France’s Frankish past seems to have been more easily assimilated and accepted by archaeologists than by historians. The increase in the number of excavations of Merovingian cemeteries in the second half of the nineteenth century confronted researchers with the materiality of a historical period which had been perceived until then only through textual sources. The development of learned societies in the nineteenth century contributed significantly to the renewal of approaches to the Merovingian issue. Excavations carried out by enlightened amateurs such as Cochet, Fleury, and Vacquer proved that the Early Middle Ages were not a period of total regression, at least in terms of the arts and funeral practices. In particular, the ability of the Merovingians to produce beautiful objects through the skill of their craftspeople changed perceptions of these ‘barbarians’. Interest in the Merovingian period was first of all an interest in its material culture, which sometimes appeared contradictory in the eyes of scholars: how could such a barbaric society produce such beautiful objects? The regular discovery of richly furnished burials throughout the nineteenth century gradually led archaeologists, and to a certain extent historians, to reconsider the people from across the Rhine. Nor was the general public insensitive to Merovingian skill. Reflections on France’s national identity by historians had positive effects: their choice to enrich their discussions on the savagery of the Franks with archaeological data gave an impetus to the discipline. Critical enquiry thus developed around methods for excavation, observation, and recording of archaeological remains. In terms of the reopening evidence, one element stands out: descriptions of disturbed burials were more numerous and precise in the nineteenth century than in the middle of the twentieth century, only to be surpassed in very recent years.
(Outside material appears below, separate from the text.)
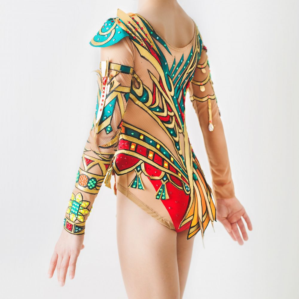 В основу купальника легли три цвета бифлекса: бордово красный, изумрудно зелёный и золотой.
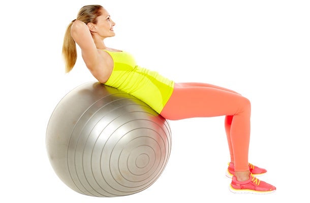 How-to: Sit on the edge of an exercise ball with your feet placed firmly flat on the floor, hip-width apart. Support the back of your head with your hands and lower your body so your lower back is supported by the ball. Engage your abdominal muscles as you lift and lower your shoulder blades to a 45-degree angle. Exhale as you lift up and inhale as you lower. Repeat.

Despite the many archaeological discoveries and the critical reflection carried out by historians and archaeologists in the last decades, the image of the Merovingian is still apparently attached to that of the barbarian in the popular imagination. This is reflected in a number of recent museum exhibitions in France which, as the catalogues highlight, seek to deconstruct the myth of the violent Merovingian, the destroyer of Roman civilization, and the dynasty of « rois fainéants » (‘do-nothing kings’). The exhibition organized by the Musée de Normandie in Caen in 2018 is particularly revealing of this persistence in the collective imagination with its title Vous avez-dit barbares? (“Did you say Barbarians?”). Some exhibitions, on the other hand, maintain the myth of the Frank coming out of the German forests and bogs, just as described by Sieyès during the French Revolution. In the promotional video for the 2017 exhibition Austrasie, le royaume mérovingien oublié (“Austrasia, the forgotten Merovingian kingdom”) at the Musée d’Archéologie nationale de Saint-Germain-en-Laye, for example, a warrior armed with a shield and a spear is repeatedly seen apparently scouting in a dark forest (Fig. 6.8).

Fig. 6.8
figure 8

Extract from the promotional video for the exhibition Austrasie, le royaume mérovingien oublié. (Ministère de la Culture et de la Communication)

As this paper has shown, by emancipating itself from historical accounts, early medieval archaeology has not necessarily transformed Merovingians into acceptable ancestors, but rather has contributed to their acceptance in France’s long history. The increasing number of exhibitions focusing on them in recent years, despite the ambiguity of some portrayals, attests to this continuing interest by the French in their Frankish past.